Nous regrettons la mort est un roman court mais bien mené qui nous conte le road-trip d'un duo de personnages détonnant. Elle est jeune, lui est un homme vieillissant. Elle s'est convertie au Culte du Grand Œil, lui croit aux anciens dieux. Ils semblent incompatibles pour ce voyage et pourtant ils finiront par se compléter. Fàinella est un personnage plutôt ambivalent. Par sa chevelure rousse et ses racines, elle incarne l'image populaire que l'on se fait de la sorcière.
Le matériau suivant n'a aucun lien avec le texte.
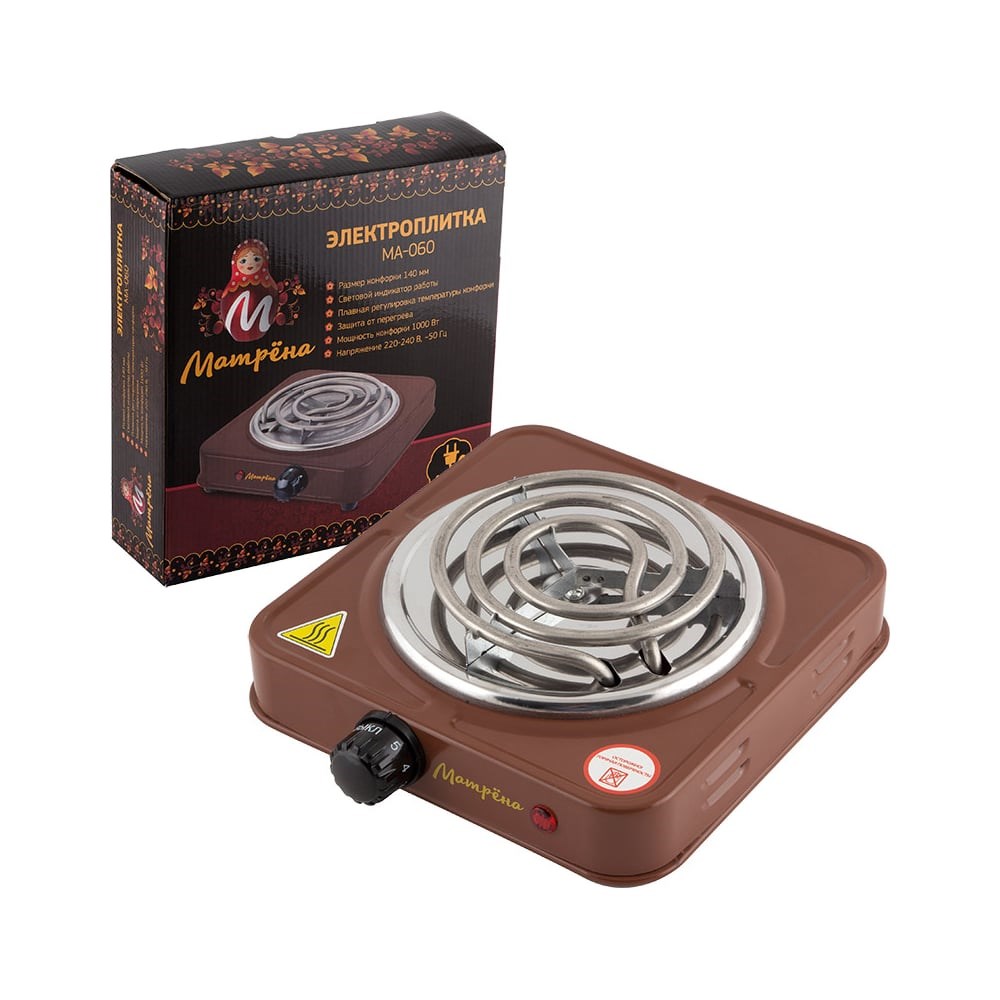 Электроплитка Матрёна МА-060, коричневый, ТЭН 006056 подойдет для приготовления пищи на даче. Имеет небольшие габариты, поэтому не займет много места. Предусмотрен световой индикатор работы. Дополнительные характеристики Плавная регулировка температуры конфорки Защита от перегрева Размер конфорки 140 мм
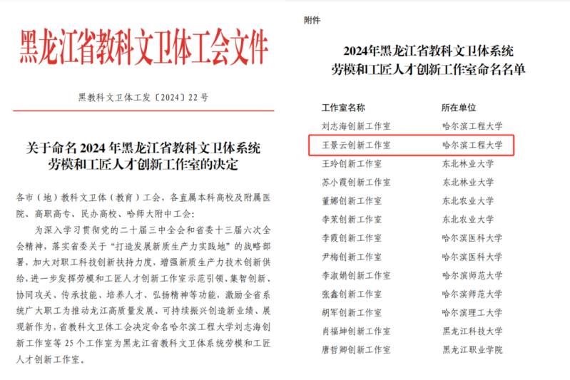 日前,黑龙江省教科文卫体系统2024年劳模和工匠人才创新工作室评审结果揭晓,公司王景云教授获此荣誉。本年度全省共有25个工作室入选省教科文卫体系统创新工作室。
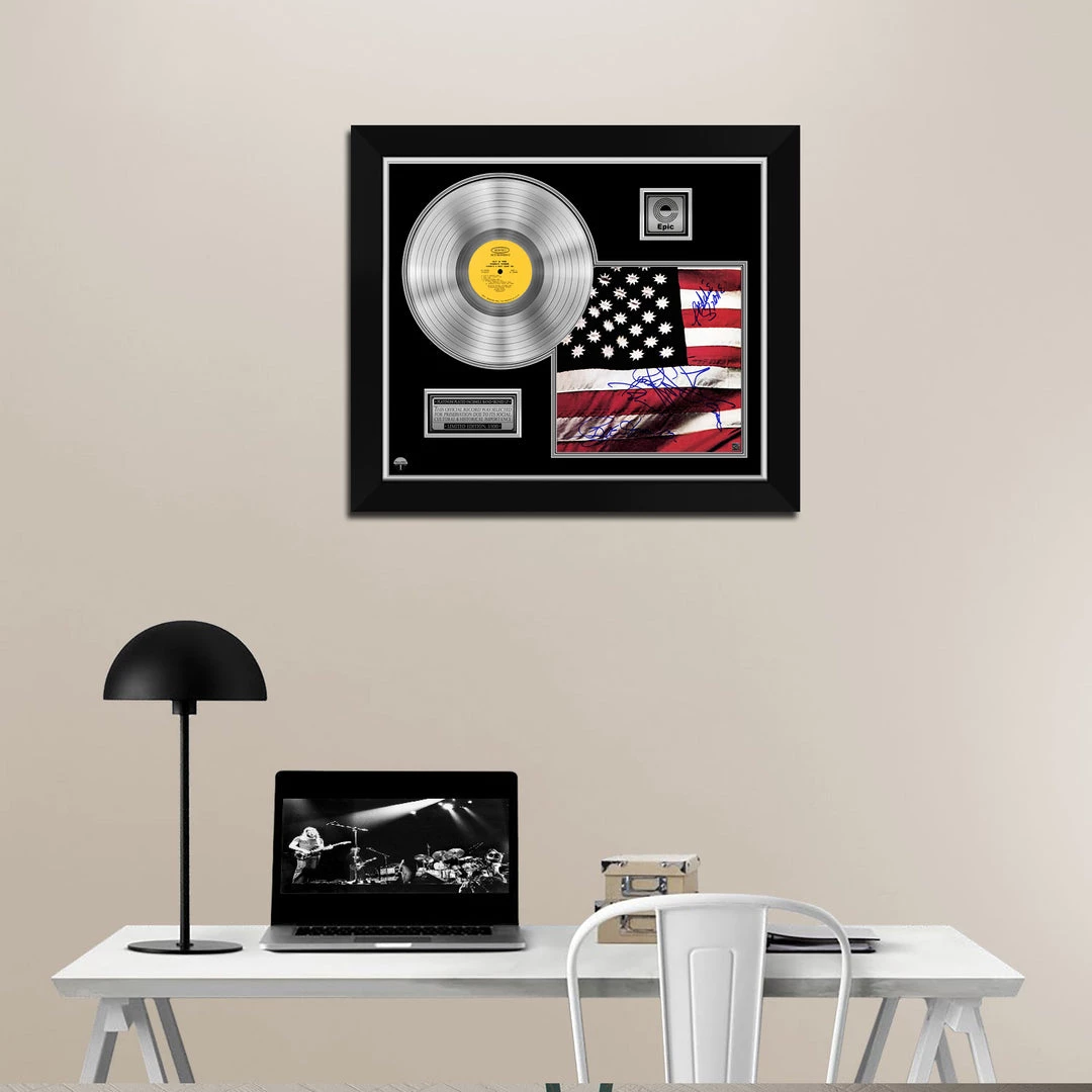 The Platinum Plated LP and album cover facsimile are both professionally mounted in the highest quality triple matted wood shadow box frame with metallic fillet trim and finished with protective glass to keep it looking pristine. The customized descriptive metallic plaque, in addition to the detailed finishing and openings, add to the elegant and sophisticated gallery quality look.
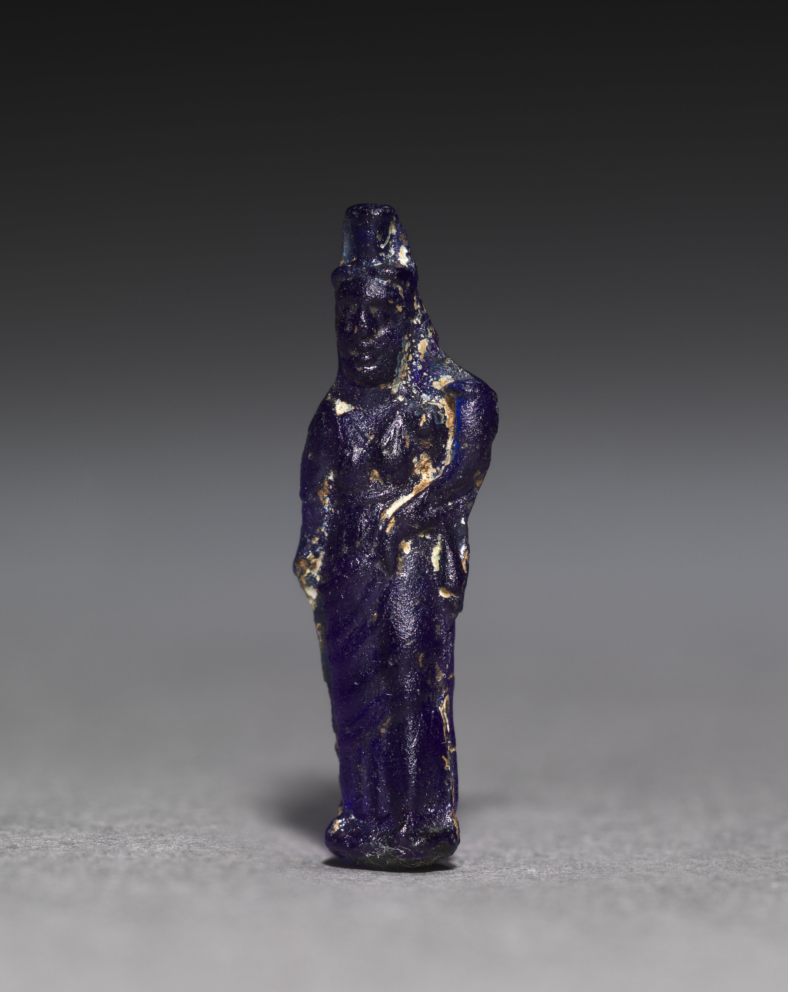 The Amulet of Isis by unknown artist depicts a small, dark blue figurine of a woman with a tall, cylindrical object on her head. The figurine is made of a dark blue material, likely lapis lazuli or another blue stone, and features gold flecks throughout. The woman's face is largely obscured. She wears a long, straight dress that falls to her feet. Her right arm is at her side and her left arm is bent. The background is a gradient from dark gray at the top to light gray at the bottom.
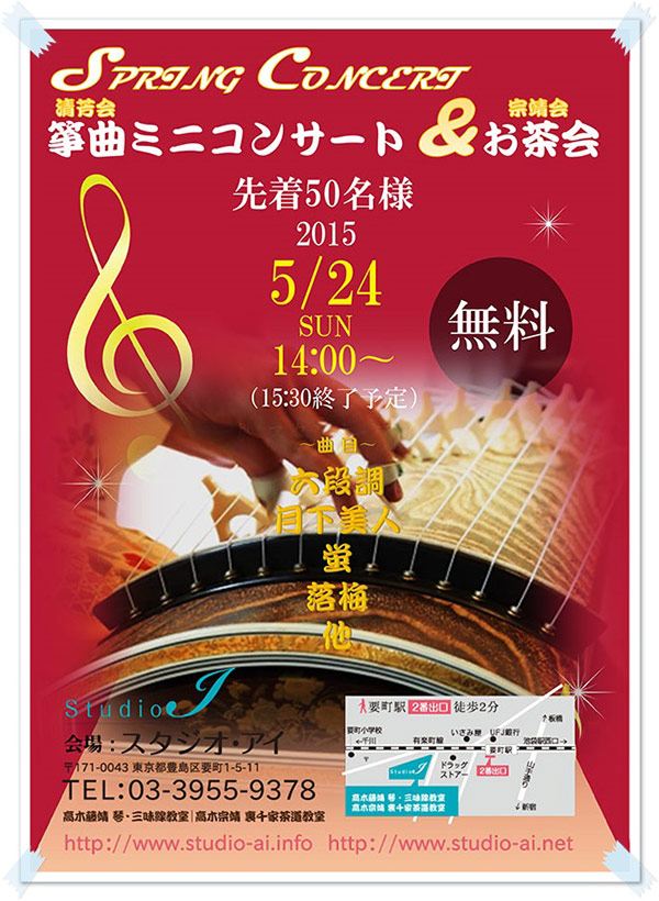 | 2015年5月24日 清芳会 箏曲ミニコンサート&宗靖会 お茶会 |
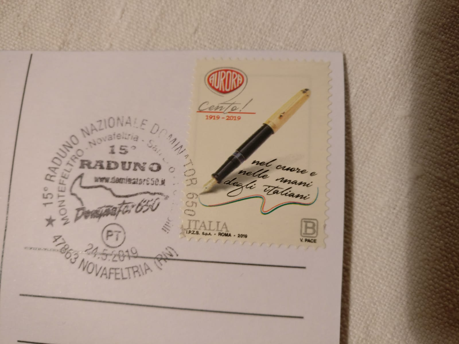 EINE SPEZIELLE GEDENKPOSTKARTE. In Zusammenarbeit mit Poste Italiane wurde unter den Arkaden der Gemeinde Novafeltria ein zweiter Stand für die Zustellung von Souvenirpostkarten der Exkursion eingerichtet, die mit einer Briefmarke mit der Aufschrift "Fünfzehntes Nationales Treffen des Dominators 650" versehen waren. Ab dem 21. Tag nach dem 24. Mai können die Sammler die Poststornierung beantragen. (R. G.)

Pourtant, elle s'est destinée plus par opportunité que par réelle conviction à la fonction de chasseuse. Au fil de l'aventure, on découvre donc cette femme dans toute sa complexité. Curieuse et pugnace, elle s'est hissée par sa seule volonté à une position élevée. Mais en retournant chez elle, elle va se confronter à son passé et à une réalité dont elle s'était coupée en partant. Ce voyage est donc l'occasion d'une introspection personnelle qui s'avéra à la fois douloureuse et perturbante. Un parcours qui fait d'elle une protagoniste particulièrement intéressante à suivre, d'autant qu'elle centralise à la fois des forces et des faiblesses. Quant à Callean, il se retrouve embarqué bien malgré lui dans ce périple dans lequel il va prendre part et jouer d'ailleurs un rôle décisif. Arnaud Cazelles nous brosse donc le portrait d'un personnage âgé en mettant en exergue toutes les problématiques liées à l'âge avec d'un côté, les douleurs du corps, la baisse du tonus et le dynamisme amoindri et de l'autre côté, l'expérience et la sagesse qui sont d'indispensables atouts. Sa volonté de protéger et de préserver Fàinella dégage de lui une vision paternelle. C'est vraiment un personnage très attachant, particulièrement dans sa démarche. Personnellement, j'ai eu un vrai coup de cœur pour ces deux protagonistes, autant pour l'évolution que l'auteur leur donne que pour les liens qu'ils tissent entre eux. 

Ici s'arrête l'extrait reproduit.